HCR's letter from last night discussed the abortion issue in detail.
Although she had a lot of good points, here's my favorite sentence:
By 1:00 this afternoon, the Fox News Channel had mentioned the decision only in a 20-second news brief in the 5 am hour. In political terms, it seems the dog has caught the car.
Here's a few more key points:
As I’ve said repeatedly, most Americans agree on most issues, even the hot button ones like abortion. A Gallup poll from June examining the issue of abortion concluded that only 32% of Americans wanted the U.S. Supreme Court's 1973 Roe v. Wade decision overturned, while 58% of Americans opposed overturning it.
While it is hard to remember today, the modern-day opposition to abortion had its roots not in a moral defense of life but rather in the need for President Richard Nixon to win votes before the 1972 election.
Abortion had been a part of American life since its inception, but states began to criminalize abortion in the 1870s.

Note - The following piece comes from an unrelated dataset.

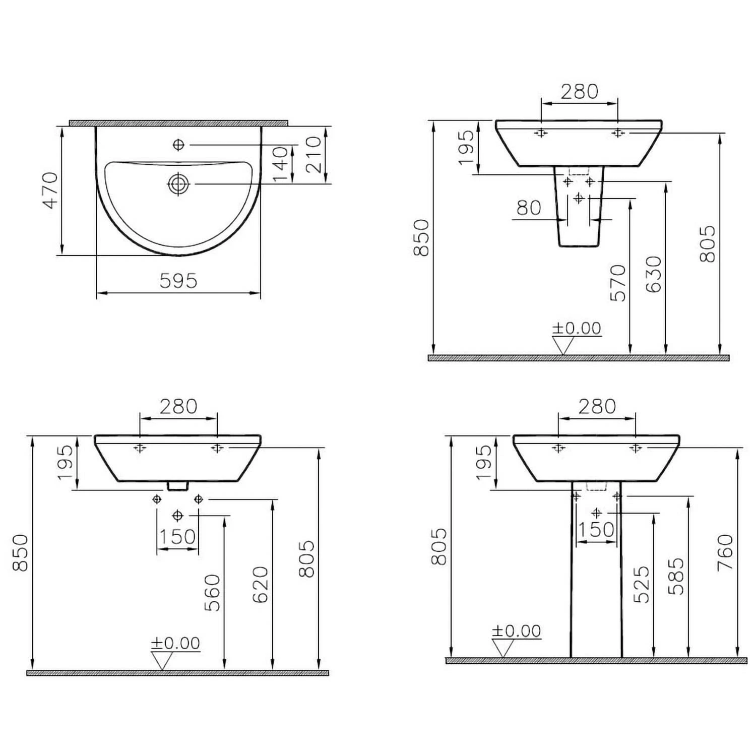VitrA Integra Waschtisch 59,5 cm, mit Überlaufloch, 1 Hahnloch mittig

By 1960, an observer estimated that there were between 200,000 and 1.2 million illegal U.S. abortions a year, endangering women, primarily poor ones who could not afford a workaround.
The first state to legalize abortion was California, when a Republican governor (Reagan) signed it into law.
In 1971, even the evangelical Southern Baptist Convention agreed that abortion should be legal in some cases, and vowed to work for modernization. Their convention that year reiterated its “belief that society has a responsibility to affirm through the laws of the state a high view of the sanctity of human life, including fetal life, in order to protect those who cannot protect themselves” but also called on “Southern Baptists to work for legislation that will allow the possibility of abortion under such conditions as rape, incest, clear evidence of severe fetal deformity, and carefully ascertained evidence of the likelihood of damage to the emotional, mental, and physical health of the mother.”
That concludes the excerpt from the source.